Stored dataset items
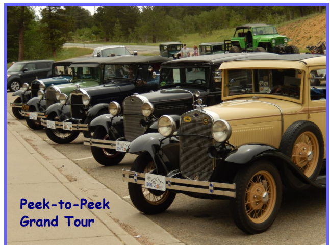
Peek-to-Peek Grand Tour
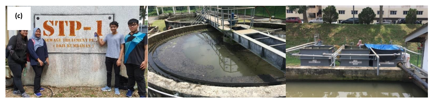
Figure 4. Student Site Visit to the Sewage Water Treatment Facility (a) Visit Sewage Treatment Plant 1 (STP 1); (b) Clarifiers; (c) From left (Anoxic tank, Pre-Aeration tank and Membrane tank)

It is worthy to note that besides improvement observed by the lecturers in class, from reports and student presentation, the reflection journal appears as a proof that students acknowledged the scaffolding support and integration of the arrangement of talks in ISP course that greatly complement their comprehension on the problems given in the CPBL mode in ITE course. By writing reflection, students are taught to acknowledge their thinking and learning process that they have experienced based on Gibb's reflective cycle (Gibbs, 1988). Making a good reflection is very important to enhance students' learning through the learning experiences that they have went through.
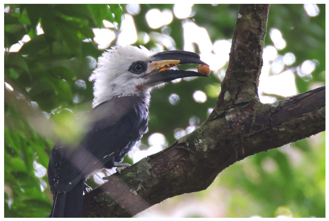
White-crested Hornbill
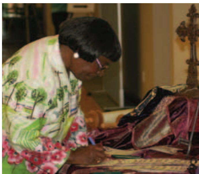
Top: Labyrinth workshops are planned for beginning and experienced labyrinth walkers. This labyrinth meditation took place at a Southeast District event commemorating Hurricane Rita.
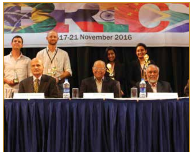
Winners of Debate competition with Luminaries of XIME
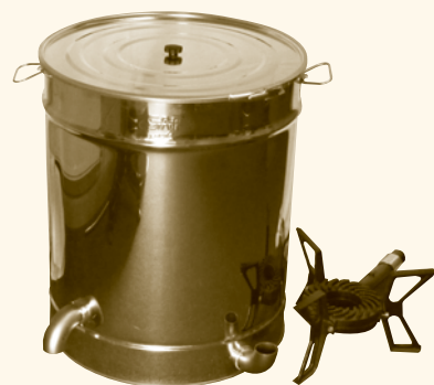
Gas Steam Wax Extractor
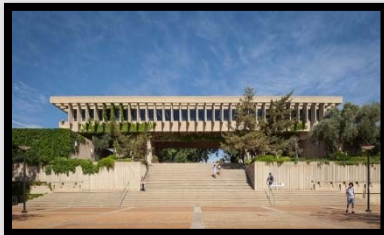
LADM Renovation, CHC

Renovated the existing concrete structure of the laboratory /administration building, including a complete replacement of mechanical, electrical, plumbing and data systems, windows and roof replacement. The building was brought up to current seismic, access and fire/life safety codes.
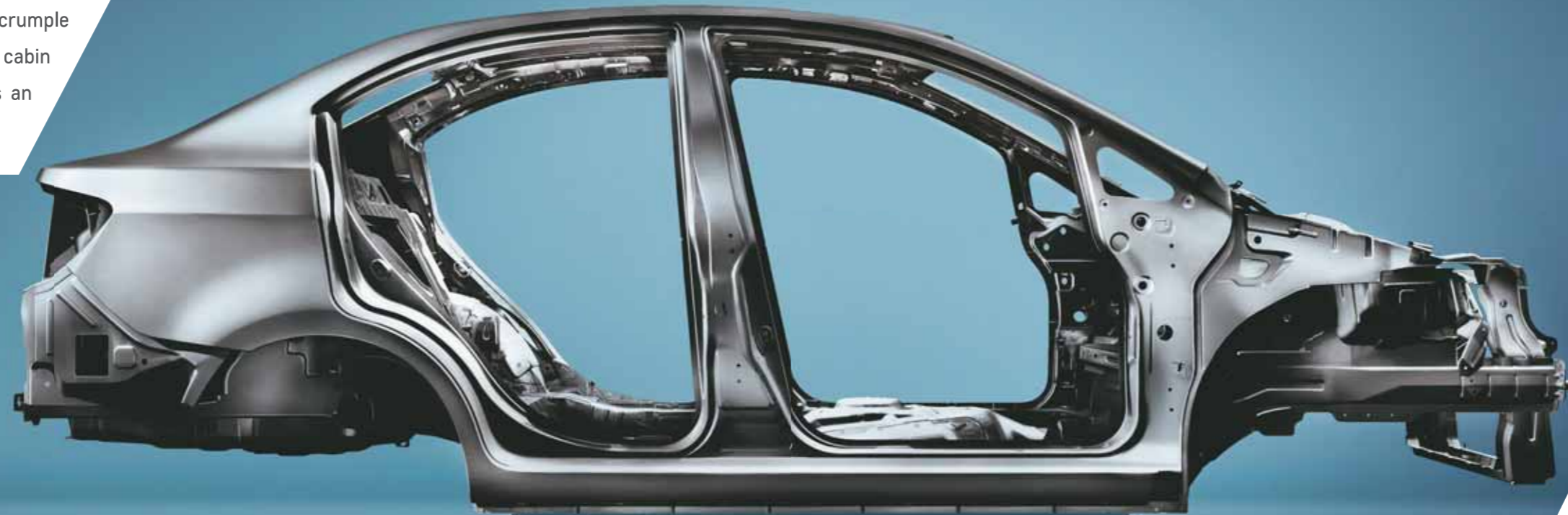
Chevrolet Safe-Cage Design - Cocoon of safety
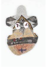
Nickola Pottinger yuh too big , 2022 Paper Pulp, Sorrel, Oil Pastel, and Watercolor 29 x 20 x 1 in.
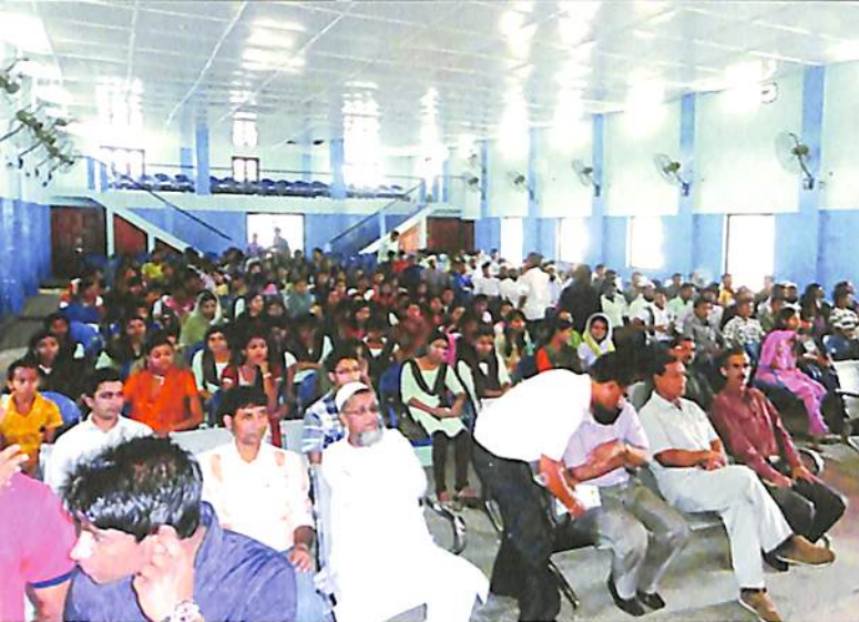
VC, AUS addressing National Seminar at the auditorium of N.C. College
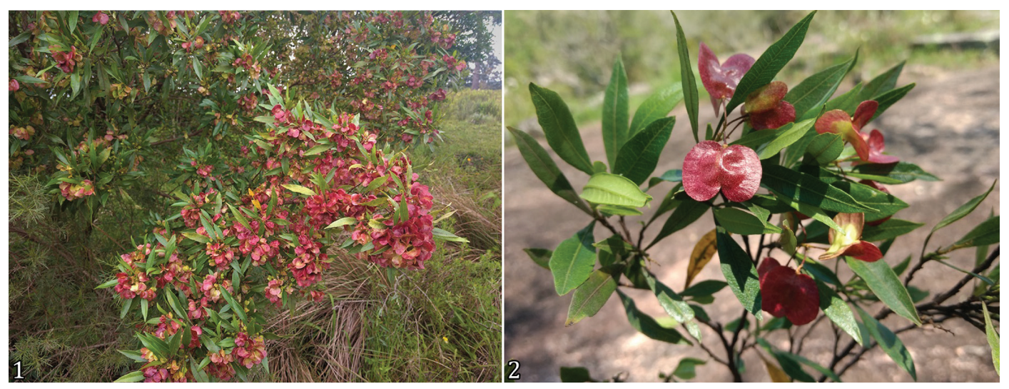
Fig.1-2. Exemplary of Dodonea viscose located in the municipality of Capão do Leão (31°74′88.25″ S, 52°54′32.11″ W). (1) Large shrub of D. viscosa approximately 2m tall in fruiting. (2) Detail of simple and alternate leaves with fruits with three to four wings.

Serosanguineous fluid was observed in the abdominal cavity during necropsy of the three affected cattle. The intestines presented a congested serous with marked edema of the mesentery (Fig.3), and there was hemorrhagic content in the lumen of the small intestine. The mucosa of the abomasum of the two animals was hemorrhagic with bloody content (Fig.4). Amid the ruminal content of the bovine, leaves with morphological characteristics compatible with D. viscosa were observed. The livers of the three animals were enlarged, with accentuation of the lobular pattern, and the gallbladder was
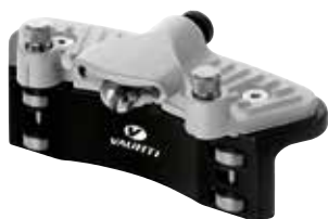
2000-5005N PRO SHARP
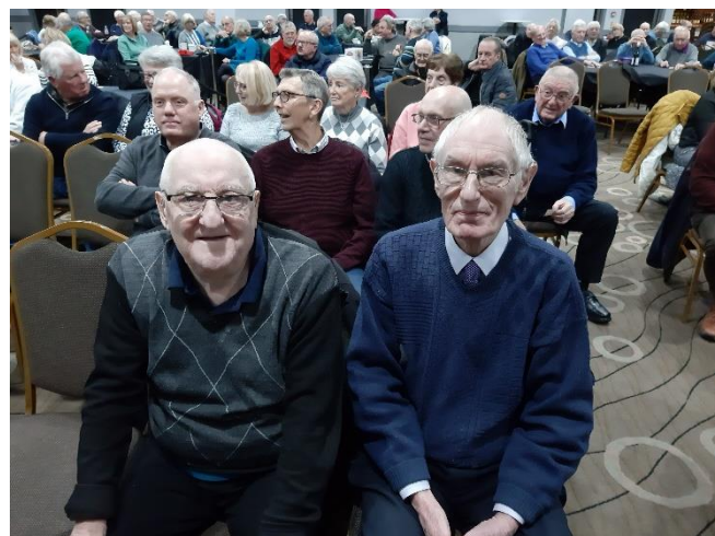
Three pictures of Senior Tigers present at our January 2024 Members' meeting.
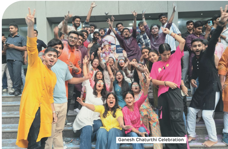
Ganesh Chaturthi Celebration
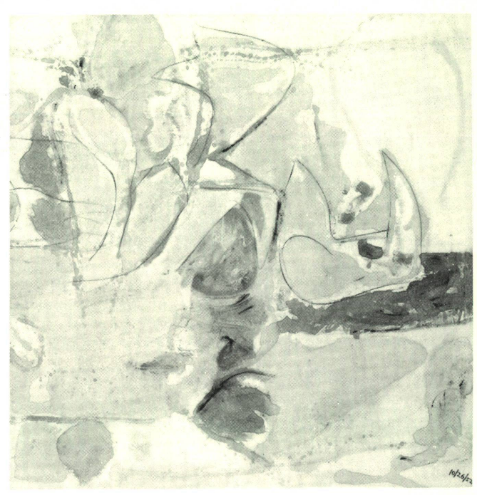
FRANKENTHALER. Mountains and Sea (detail)

MONDAY, November 1 through SUNDAY, November 7
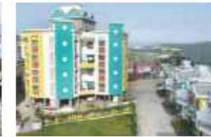
Dreams Rhythm, Bavdhan
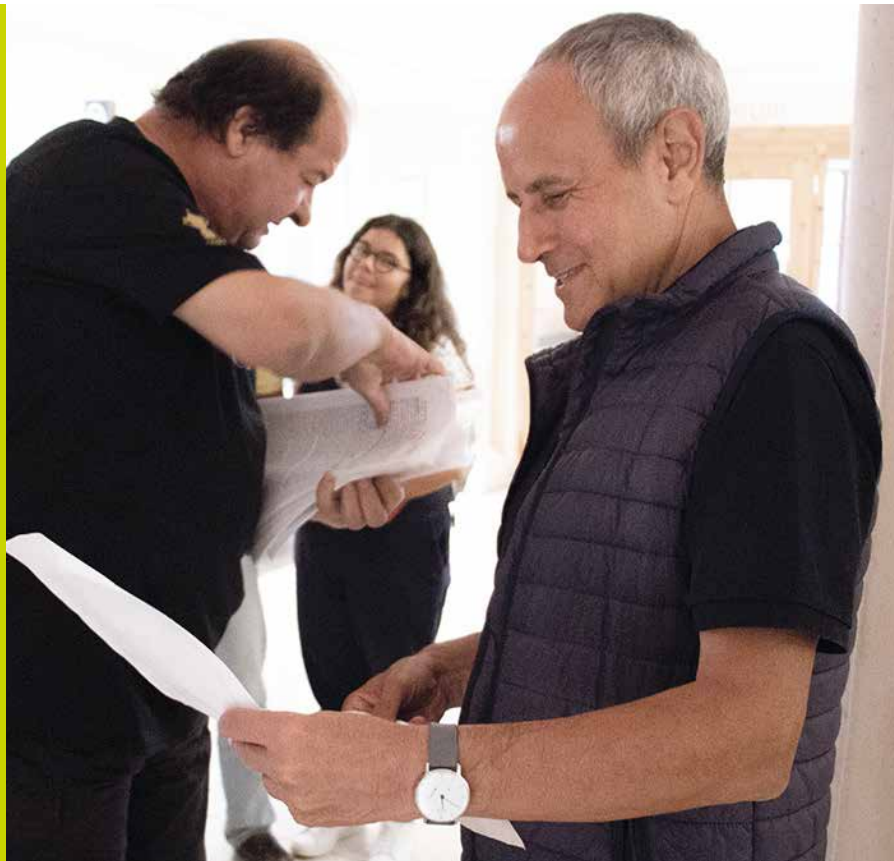
On these pages, some shots taken during the CLU Equipe.
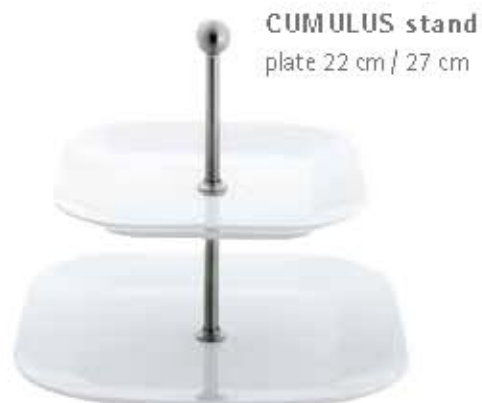
CUMULUS stand plate 22 cm / 27 cm
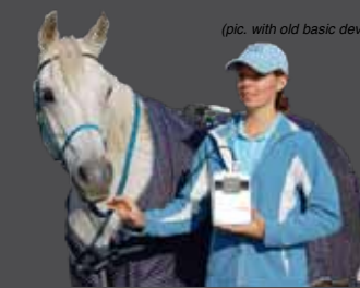
(pic. with old basic device)

The magnetic field blanket raises the well-being of the horse and provides faster recovery during and after the competition. No doping!
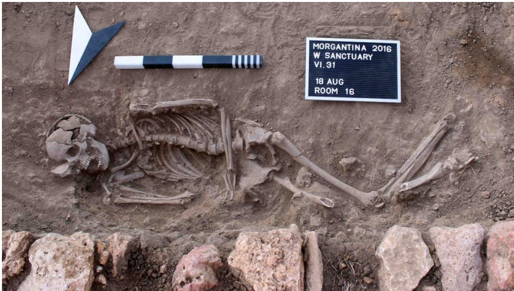
Room 16, Skeleton in NW corner, from N.
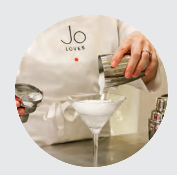
Fragrance Tapas at Jo Loves

**Your assignment:** Check which lines of the entries hold the word "competition", then please give only how many there are.

**Answer to this exercise:** 2